─── Study material ───

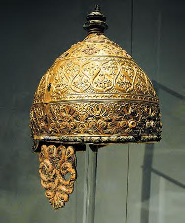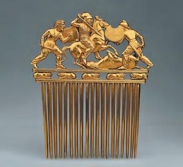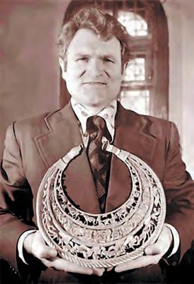 Український археолог Борис Мозолевський і знайдена ним у 1971 р. золота скіфська пектораль із кургану Товста могила.
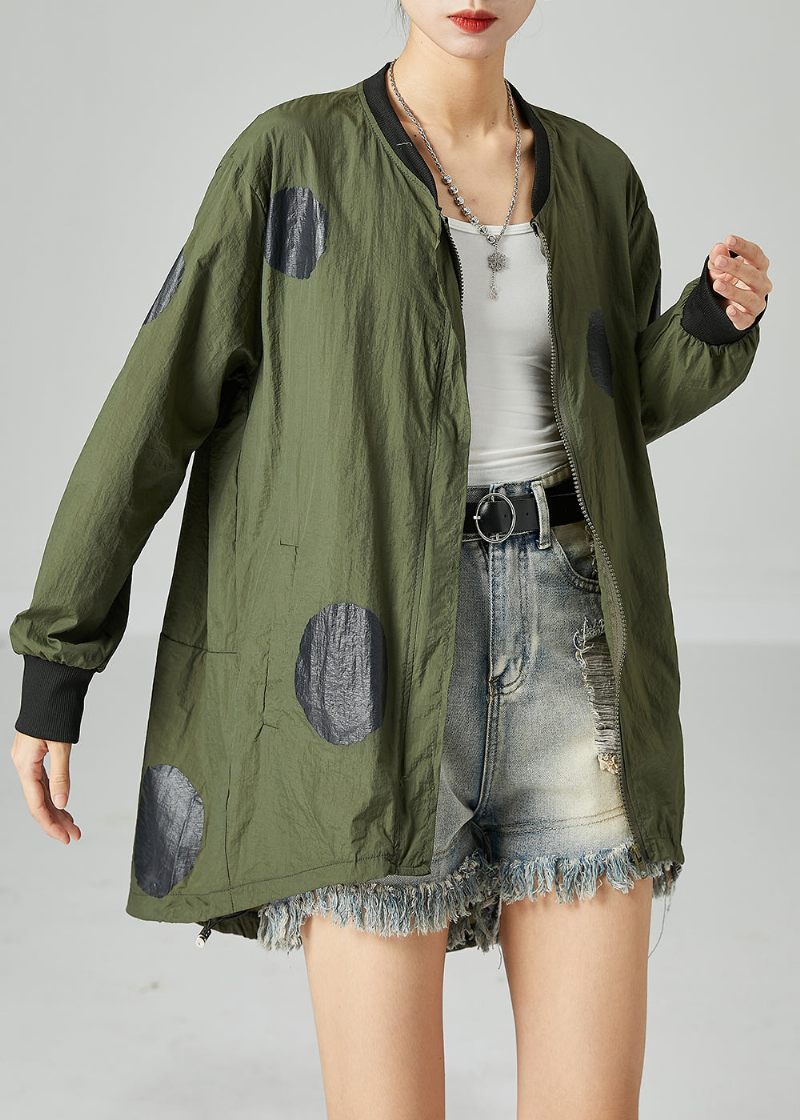 Fransk Armégrön Oversized Patchwork Dragsko Silk Coats Spring
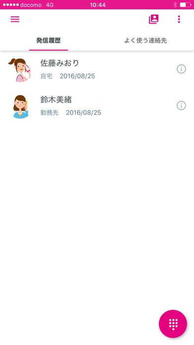 通常のアドレス帳のように、連絡先を登録することができます。「発信履歴」や「よく使う連絡先」を登録できるので使いやすいですね。
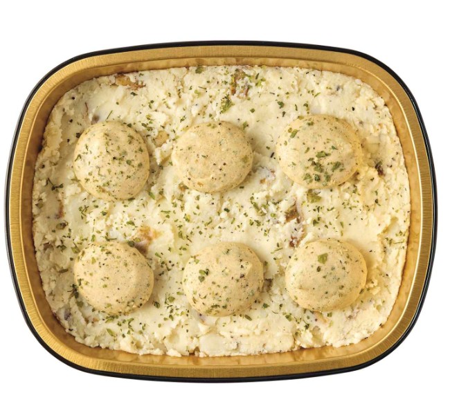 Mashed Potatoes & Gravy Butter: Yukon Gold potatoes that are pre-mashed with butter. The texture is smooth, not gummy, and they heat up evenly in the provided tray.
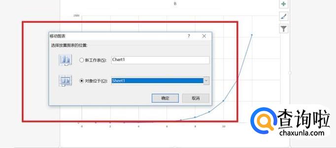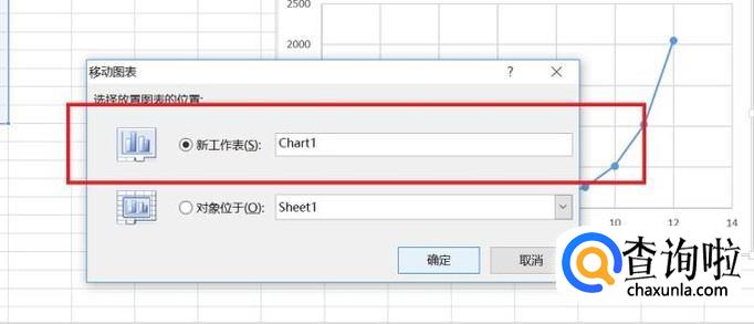 然后这时就会弹出一个移动图片的选择框,这里我们选择上方的“新工作表”就可以了,然后再点击确定,我们就将嵌入式图表转换为工作表图表啦。

───

Word for word, give again the lines from the first entry to the line with "Mashed Potatoes &", inclusive. Exclude the pictures.

 Український археолог Борис Мозолевський і знайдена ним у 1971 р. золота скіфська пектораль із кургану Товста могила.
 Fransk Armégrön Oversized Patchwork Dragsko Silk Coats Spring
 通常のアドレス帳のように、連絡先を登録することができます。「発信履歴」や「よく使う連絡先」を登録できるので使いやすいですね。
 Mashed Potatoes & Gravy Butter: Yukon Gold potatoes that are pre-mashed with butter. The texture is smooth, not gummy, and they heat up evenly in the provided tray.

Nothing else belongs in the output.